Monday, August 20, 2012

Laying It Out There

I turned 28.  Feels good.  As Andi said, "28 just SOUNDS elegant. Like you say it with a smile, nod, and with closed eyes."  So now when people ask how old I am that's how I respond "28" while smiling, nodding confidently, and with my eyes whimsically closed.  Of course, no one has asked me yet.  
Bummer.
I think people generally stop asking after you turn 10.  Like you hit double digits.  We can quit counting/asking now.   Ken made my all-time favorite cake.  Angel food cake with real whipped cream icing topped with Heath.  He surprised me with the candles.  Such a dearie.  And the good news is when I'm turning 82 we'll already have the candles for the cake.

As part of my celebration I took a trip back to Idaho.  Ken-mo had to work.  Boo hiss.  So it was just me and the little guys.  The car ride was great aside from all the screaming, whining, kicking, and food throwing done by Koley.  But we arrived.  A little weary... but in one piece.   I stayed at my Mom's which is as close to Heaven (aside from that birf-day cake) as it gets.  I napped.  I hot tubbed.  I watched TV.  I remember seeing my kids...but mostly Grandma Ginger had them.  She was either rocking Joey or driving trucks with Kole.  Or both.  All I had to worry about was whether I wanted Ranch or a Vinaigrette on my salad.  For my biggest news Joey suddenly snapped out of his devil-like trance and started sleeping at my mom's.  Sure he still had his fuss-bucket time but it was so much shorter.  And then he slept.  In the way that gives the phrase, "I slept like a baby" its validity.  From 11:00-6:00.  Oh, I am reborn.  He is reborn.  And he's kept it up too.  2 kids isn't so bad once you start sleeping more than 3 hours a night.  I'm borderline enjoying this.  

Here's the highlight reel:

28. Certainly a Peak of life.
(Those old lady arms are really photo-shopped on.  Mine are trim, sleek, and muscular.)

Loves loves loves tucking his shirt in for church.
And standing on the counter certainly was a treat.

Monkey-Watching with Granny Sheri




Such a playful, fun, doting Granny. 
Kole La-HOVED being back at the Tautphaus Park Zoo.
Especially with a Granny to play with.


After an hour or so of swimming in the Hot Pool at Gramma Ginger's, Kole needed some nourishment.  Via Lunchables.  Eaten in the nude.  Kole threw his inhibitions and propriety to the wind and snacked out.  With it all out.

A needed and joyous reunion with Natters.

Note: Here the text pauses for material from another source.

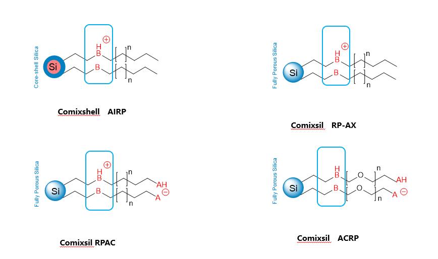 對(duì)于含有強(qiáng)堿性基團(tuán)的固定相,如: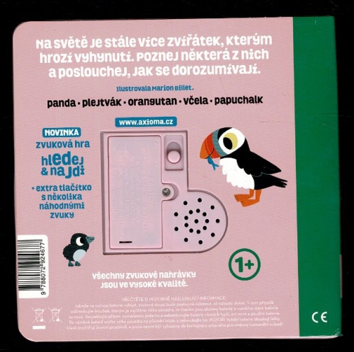 Stiskni tlačítko a poslouchej, jak se dorozumívají zvířátka, kterých na světě ubývá a musíme je chránit: panda, plejtvák, orangutan, včela a papuchalk. NOVINKA: Na poslední dvoustraně je zvuková hra Hledej & najdi. Zvukové tlačítko přehrává náhodně pět zvuků nebo melodií, které patří k pěti obrázkům. Děti mají za úkol přiřadit zvuk nebo melodii ke správnému obrázku. Toto zvukové leporelo má nově reliéfní ražbu obrázků na obálce, zaoblené rohy a funguje se dvěma vyměnitelnými tužkovými bateriemi namísto původních knoflíkových. Všechny zvukové nahrávky jsou ve vysoké kvalitě a samozřejmě nechybí ani tlačítko ON/OFF, která umožňuje leporelo kdykoliv vypnout. Vyměnitelné tužkové baterie.

Koley at the Splash Park back at home.
He likes going in mouth first.

Dad making it a leetle more fun.  As usual.

Friday, August 3, 2012

How To Be Not Mad

This is one of those "Smile for the Picture" photos.  I'm not really this smiley and carefree about having two boys to tend to. But I do think my eyebrows look good.

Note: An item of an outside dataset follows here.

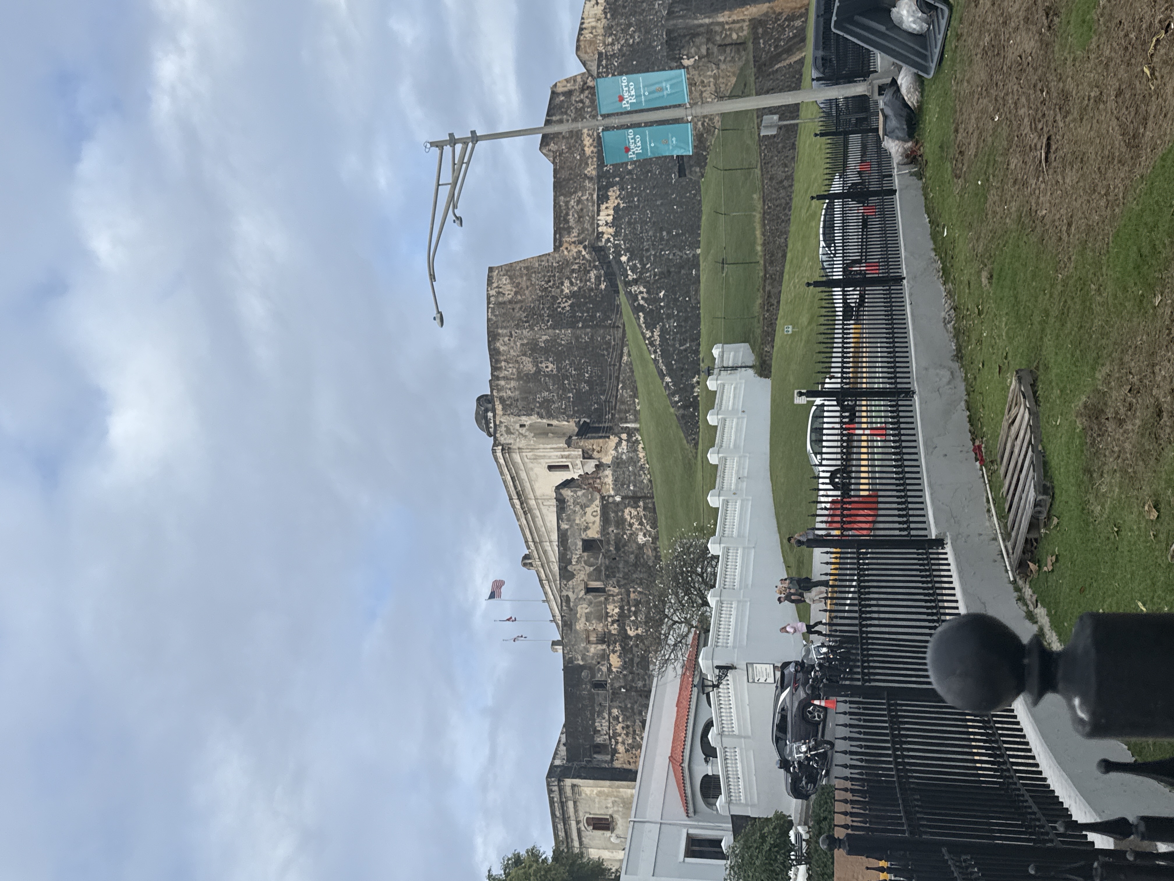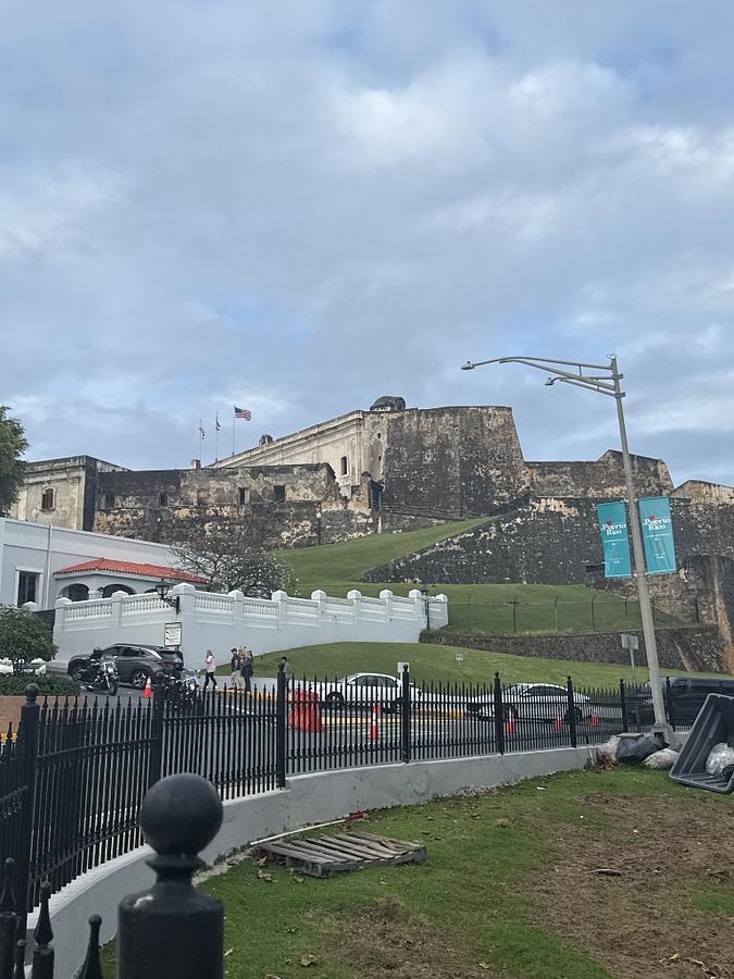 The massive structure is Castillo San Felipe del Morro, a citadel protecting Old San Juan since the 16th century. Construction began in 1539 by the Spanish Empire; its design evolved over 400 years to defend the entrance to the harbor.

I think the secret to this Mom Thing is the old "Take Time For Yourself."
But not in the way it's always advertised.
I mean, get real.  Going to get a pedicure is out of the question with a 2 year old and a new born.  Heck, getting ready to get a pedicure is basically out of the question.  Spending time reading in a bubble bath... that's silly.  For two reasons.  One, I think baths are gross.  Just sitting in water made murky by all the dirt and mulch pieces that stuck to you from the playground with your toddler and all the puke/poop/drool from the new baby.  Eh eh.  Gross.  Second,  the warm water would activate le ol' milk ducts and I'd have two lactating fountains.  Again.  Eh eh.
All those glamorous "Me Time" ideas are ridiculous.  And even with a helpful partner, which I have, the time is still so limited.  I mean Joe Joe likes to eat.  A lot.  I haven't taught him to tell time yet but feeding every four hours is practically starving him.  So he's attached to the boob most of the day.  (Maybe that's why he's gained almost 4 pounds in a month.)

Anyway.

I have come to this conclusion.  I have to do something for me.  Every day.  I've spent a couple days paddling in the boat with the moms who don't and I know what it's like.  I end up resenting the kids.  Having thoughts of how mice life would be without them.  I think about hiring a kidnapper.  Not listed in the Yellow Pages. Hmph.  I swear at them in my head.  And sometimes out loud.  Anytime Joey starts crying I think "Where is the closest wall?  He's going through it!"  It's awful.  I feel possessed.  But, any mom who is doing this a-round the clock knows the feeling.  Like there is no escape.  Drowning.  Drowning when you weren't even having fun swimming.  Drowning when you were like... paddling on a treadmill or something.  Life feels heavy.  Awful.  And unhappy.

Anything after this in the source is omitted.